3. Network Interface Setup

Create a dummy interface to serve as the tunnel endpoint.

sudo ip link add name tunnel0 type dummy
sudo ip addr add 10.1.0.1/32 dev tunnel0
sudo ip link set tunnel0 up

4. Start Service

sudo systemctl enable strongswan
sudo systemctl start strongswan
sudo swanctl --load-all

Client Configuration (DU)

1. Install Certificates (Certificate Mode Only)

sudo cp <IPSEC_MODE>/pki/cacerts/ca-cert.pem /etc/swanctl/x509ca/
sudo cp <IPSEC_MODE>/pki/certs/server-cert.pem /etc/swanctl/x509/
sudo cp <IPSEC_MODE>/pki/private/server-key.pem /etc/swanctl/private/
sudo cp <IPSEC_MODE>/pki/certs/client-cert.pem /etc/swanctl/x509/
sudo cp <IPSEC_MODE>/pki/private/client-key.pem /etc/swanctl/private/

2. Configure Swanctl

Edit the client.conf file to match your physical network addresses (local_addrs and remote_addrs), then install it.

sudo cp <IPSEC_MODE>/conf/<AUTH_MODE>/client.conf /etc/swanctl/swanctl.conf

3. Start Service

sudo systemctl enable strongswan
sudo systemctl start strongswan
sudo swanctl --load-all

Note

The tunnel should establish automatically upon loading the configuration.
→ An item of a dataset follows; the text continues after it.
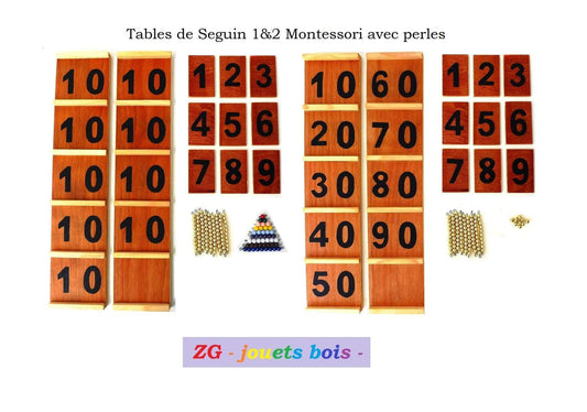 Barres rouges et bleues, chiffres rugueux, Table de Seguin, Boite de fuseaux....

If it does not, force initiation with: sudo swanctl --initiate --child tunnel-to-corp

Verification and OAI Integration

Verify IPsec Status

On both nodes, check the Security Associations (SAs):

sudo swanctl --list-sas

Expected Output: Status should indicate ESTABLISHED and INSTALLED.

Connectivity Test

From the Client (DU), ping the Server's (CU) tunnel IP:

ping -c 3 10.1.0.1

OAI Configuration Update

To utilize the encrypted tunnel, you must update the OAI configuration files:

1. CU Configuration: Bind the F1 interface to 10.1.0.1 (the tunnel0 interface IP).
2. DU Configuration: Configure the remote CU address as 10.1.0.1.

This ensures F1AP traffic flows through the tunnel0 interface, where it will be intercepted and encrypted by the StrongSwan policies.